Participants were selected from a large cohort, the WADRC, consisting of approximately 700 individuals spanning the AD spectrum: middle-aged participants both with and without a family history of AD, cognitively healthy older control participants, and subjects with clinically diagnosed MCI and AD [11, 13]. Participants with MCI are recruited primarily from local clinics (or control subjects in longitudinal studies that have shown cognitive decline) and diagnosis is confirmed by clinical consensus conference based on established clinical criteria [1, 21]. Participants in this study were diagnosed with MCI due to probable or possible AD. In addition to having an MCI diagnosis, inclusion criteria included having undergone a PC VIPR scan that allowed for measurement of both the left and right internal carotid arteries (measured in the distal petrous segment), resulting in a sample of 38 participants for the present study. All but two (5.3%) of the participants entered the study with an MCI diagnosis from a local clinic, with the other two subjects receiving a diagnosis of MCI after neuropsychological testing done as part of the WADRC clinical core study. One subject entered the study with a presumed diagnosis of dementia due to AD and was changed to MCI at consensus conference, whereas the other subject entered as cognitively healthy and changed to a diagnosis of MCI at consensus conference. A subset of N=22 participants underwent a lumbar puncture (LP), which is an optional study procedure. All procedures were approved by the University of Wisconsin School of Medicine and Public Health Institutional Review Board, in accordance with the Helsinki Declaration of 1975.
2.2. MR Imaging Protocol
Subjects were scanned using an 8-channel head coil (Excite HD Brain Coil, GE Healthcare) on a clinical 3T MRI system (MR750, GE Healthcare, Waukesha, WI). The PC VIPR method was used to acquire four dimensional flow data [10]. Scan parameters for the PC VIPR acquisition were as detailed: venc = 80 cm/s, imaging volume = (22 cm)3, acquired isotropic spatial resolution = (0.7 mm)3, TR/TE=7.4/2.7ms, flip angle α=10°, bandwidth = 83.3KHz, 14,000 projection angles, scan time ~ 7 min, retrospective cardiac gating reconstructed into 20 cardiac phases with temporal interpolation [22].
2.3. Flow Analysis
Velocity vector fields were extracted from the PC VIPR data sets and used for hemodynamic evaluation. Matlab (The Mathworks, Natick, MA) was used for segmentation of the arterial tree from PC angiograms generated from the 4D-Flow MRI data. Interactive flow visualization and selection of planes for quantitative analysis were conducted in EnSight (CEI, Apex, NC); flow analysis planes were manually placed orthogonal to the vessel orientation in the distal petrous ICA and the middle of the M1 segment of the MCA. Using a customized Matlab tool, 2D-cine image series with through-plane velocities were generated from 4D-Flow MRI data at the selected planes of interest [23]. Measurements were taken from both the left and right ICA and the left and right MCA, and these values were averaged to obtain mean ICA and MCA flow metrics, respectively [13, 24]. In three participants the MCA was not able to be segmented successfully, so those participants were excluded from the MCA analyses only.
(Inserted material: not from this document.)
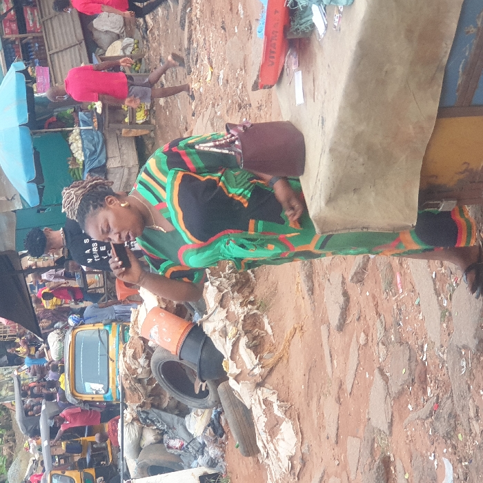 - "A woman in a green and black patterned dress and a brown bag sits on a table in a busy outdoor market, talking on a cell phone" by FM-5FaYX2, licensed under CC BY 4.0
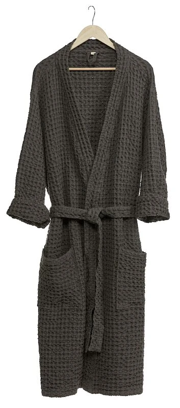 Anno Puro kylpytakki on pestyä ekologista puuvillavohvelia ja se on kevyen ja mukavan tuntuinen ihoa vasten. Esipesu tekee puuvillasta pehmeän ja antaa kylpytakille sen rennon ilmeen. Kylpytakki imee hyvin kosteutta ja kuivuu nopeasti käytön jälkeen. Ylellinen Puro-kylpytakki sopii sekä miehille ja naisille ja siinä on kaksi isoa taskua sekä vyö.

2.4. Neuropsychological Testing
Longitudinal cognitive data is collected annually for cognitively healthy older adult (>65y), MCI and dementia participants in the WADRC Clinical Core cohort. At each visit, participants complete a comprehensive neuropsychological test battery examining a number of different cognitive domains; in the study herein, we examined tests of episodic memory (Rey Auditory Verbal Learning Test (RAVLT) total trials 1–5 and delayed recall, and Wechsler Memory Scale – Revised - Logical Memory Immediate and Delayed recall) and executive function (Trail Making Test B (TMT-B), Wechsler Adult Intelligence Scale-Revised Digit Symbol (WAIS-DS) and animal naming (category fluency)). Neuropsychological data from the study visit closest to the MRI was included in analyses (mean interval 53.68 days; SD: 41.83). In order to reduce the number of comparisons and the likelihood of Type 1 error, we created composite Z scores for executive function (TMT-B, WAIS-DS and Animal Naming; TMT-B was first reverse-scored so that higher scores indicated better performance) and memory (RAVLT and logical memory immediate and delay). One subject did not complete the RAVLT or logical memory measures at the neuropsychological visit closest to the MRI scan date, so was excluded from the memory composite analyses only.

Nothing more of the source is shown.